# Welche Fraktion habt ihr gewählt? [Gothic 3]



## Dude15 (20. Oktober 2006)

*Welche Fraktion habt ihr gewählt? [Gothic 3]*

Also ich wollte einfach mal diesen Thread hier aufmachen, da ich beim querlesen hier im Forum so den EIndruck hatte, dass sich doch die meissten den anscheinend "guten" Rebellen angeschlossen haben.
Meiner Meinung nach sind die Rebellen jedoch nicht besser als die Orks, der König hat genauso brutal nordmar unterworfen, bevor die Orks kamen... Und was glaubt ihr hätten die Rebellen mit den Orks gemacht, wenn diese den Krieg gewonnen hätten?   

Naja, das nur nebenbei, ich werde mich wohl den Assassinen anschließen, da ich sowohl mit den Rebellen als auch mit den Orks nichts anfangen kann.

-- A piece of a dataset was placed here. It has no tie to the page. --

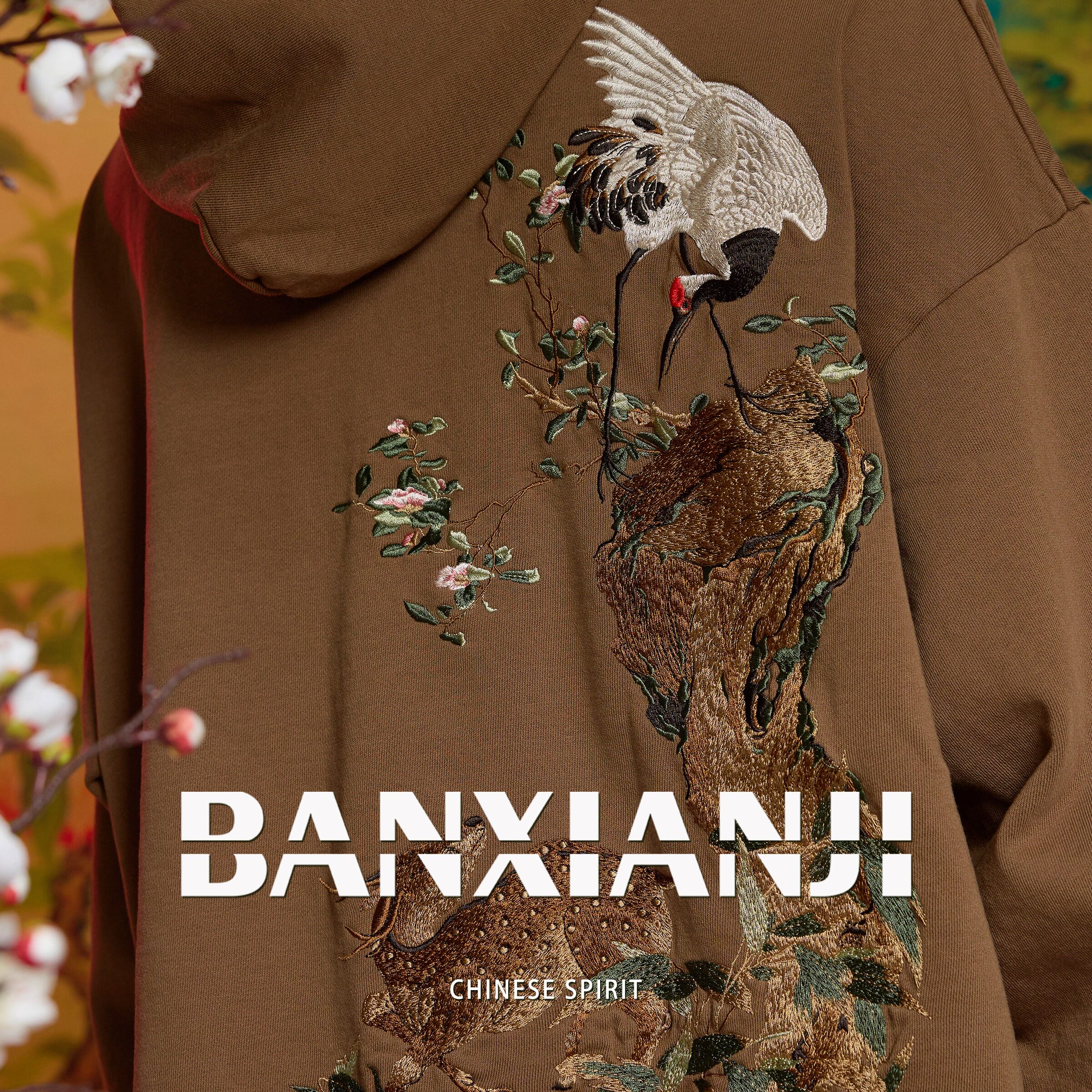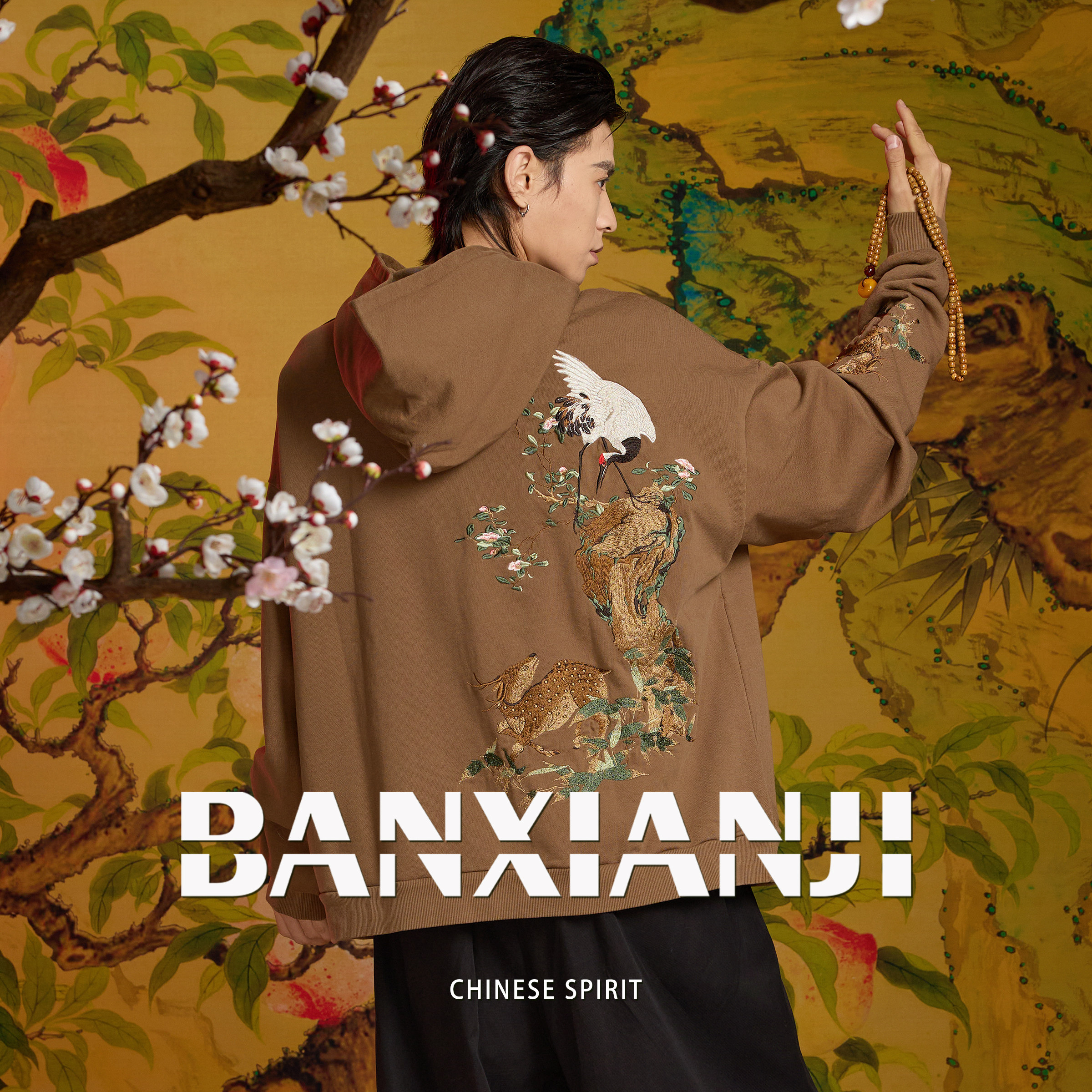 半闲集<六合同春>中国风春秋连帽卫衣重工刺绣国潮复古休闲上衣

In Nordmar war ich noch nicht, jedoch glaube ich, dass das die (von unserem heutigen Moral-Verständniss ausgehend) Menschen, mit dem wenigsten Dreck am Stecken sind 

Naja, Postet doch eure Meinung dazu,


----------



## juppa (20. Oktober 2006)

*AW: Welche Fraktion habt ihr gewählt?*



			
				Dude15 am 20.10.2006 08:34 schrieb:
			
		

> Also ich wollte einfach mal diesen Thread hier aufmachen, da ich beim querlesen hier im Forum so den EIndruck hatte, dass sich doch die meissten den anscheinend "guten" Rebellen angeschlossen haben.
> Meiner Meinung nach sind die Rebellen jedoch nicht besser als die Orks, der König hat genauso brutal nordmar unterworfen, bevor die Orks kamen... Und was glaubt ihr hätten die Rebellen mit den Orks gemacht, wenn diese den Krieg gewonnen hätten?
> 
> Naja, das nur nebenbei, ich werde mich wohl den Assassinen anschließen, da ich sowohl mit den Rebellen als auch mit den Orks nichts anfangen kann.
> ...



Ich spiele im moment Rebellen weil 1. Der Held immer schon eher Rebellisch war 
und 2. weil man mit den befreiungen der Städte immer einen Haufen Geld bekommt  (ca 50.000 Gold)  
und zu Nordmar würde ich sagen die sind ein ganz klein bisl Babarisch


----------



## link1n (20. Oktober 2006)

*AW: Welche Fraktion habt ihr gewählt?*



			
				juppa am 20.10.2006 10:19 schrieb:
			
		

> Dude15 am 20.10.2006 08:34 schrieb:
> 
> 
> 
> ...




derzeit bin ich für die rebellen, aber ich werde das game sowieso nochmal spielen und dann geh ich zu denn assasinen :>


----------



## Sonic79 (20. Oktober 2006)

*AW: Welche Fraktion habt ihr gewählt?*

Ich hab mich da auch noch nicht entgültig festgelegt, wer wie ich bereits Teil 1 und 2 gespielt hat tendiert da natürlich automatisch eher zu den Rebellen, könnte mir aber auch eine Asassinen-Laufbahn vorstellen einfach weil mir das Wüstenszenario am besten gefällt.Und dann die kauzigen NPC`s mit Ihrem liebenswerten Dialekt...einfach klasse!


----------



## Dude15 (20. Oktober 2006)

*AW: Welche Fraktion habt ihr gewählt?*



			
				Sonic79 am 20.10.2006 12:07 schrieb:
			
		

> Ich hab mich da auch noch nicht entgültig festgelegt, wer wie ich bereits Teil 1 und 2 gespielt hat tendiert da natürlich automatisch eher zu den Rebellen, könnte mir aber auch eine Asassinen-Laufbahn vorstellen einfach weil mir das Wüstenszenario am besten gefällt.Und dann die kauzigen NPC`s mit Ihrem liebenswerten Dialekt...einfach klasse!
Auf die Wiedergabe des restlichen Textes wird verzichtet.